И поцелуем страстным сем объяты,
Два человека в полон взяты,
Не ведают они своей судьбы,
Но от судьбы, увы, им не уйти.
Проснулся страшный старец и огнём свой гнев воспламенив,
Тихонько затаился и притих,
Подслушивать, интриги мерзкие плести метнулся,
И лишь к заре вернувшись,
Коварством упоённый выбился из сил.
Свалился с ног,
Но мести не забыв,
Уснул, нависшею тревогою, среди дорог
И пустырей, среди ветвей, согнав всех птиц,
И сбив улыбки с радостных, весёлых лиц,
Подговорил, явившийся во снах, в родительское ложе,
Против затей их чада, и против них же тоже,
Затеять свадьбу сына зрелого с богатою купеческою дочкой,
Поставить на капризах, прихотях любви тем точку.

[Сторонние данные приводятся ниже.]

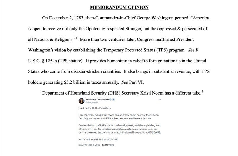 Kristi Noem has a First Amendment right to call immigrants killers, leeches, entitlement junkies, and any other inapt name she wants. Secretary Noem, however, is constrained by both our Constitution and the APA to apply faithfully the facts to the law in implementing the TPS program. The record to-date shows she has yet to do that.
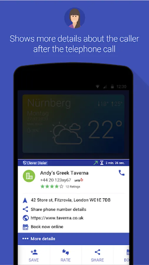Clever Dialer can use telephone numbers of contacts to determine whether a restaurant offers online reservations or whether you can book an appointment online with a doctor or hairdresser.

Уехать прочь с подножия вулкана,
Подальше удалиться морем от коварного и злого великана.
III
Ты знаешь, нежный друг, как время льётся и часами
Голубки ворковать готовы, вечно любоваться небесами,
И звёздами в ночи, зарёю утренней, и летним зноем,
Когда любовный сон им не даёт покоя.
Так шли деньки в окрестностях Помпеи,
И не нашлось стихии злее,
Чем недр, поистине, и яростных, горячих,
Природою своей коварною, не спящих.
До августа любовью мучился старик,
Подглядывал красавицу, писал ей стих,
И так не смог её в свои чертоги заманить,
Раз ревностью воспламенив, поник.
Отмщенье путь он выбрал для себя,
Его мечта и цель в надеждах высока,
Как высока и далека его Юнона,
Решил старик, напасть, явиться и сорваться с лона.
Вниз кубарем летя,
И разрушая, не творя,
Решил порушить и деревни, города,
Завоевать царицу, дочерь бога!
И вот, ступив, на земли плодородные, его нога,
Топтать и рушить начала,
Что дорого так было,
И что так любящих манило.
Сбежал Олег к своей любимой,
Из под венца его далёко конь унёс,
И так один лишь глупый пёс
Своим таким же глупым лаем до ушей людей донёс,
Что молодец, позор, ради любви в порыве страсти снёс.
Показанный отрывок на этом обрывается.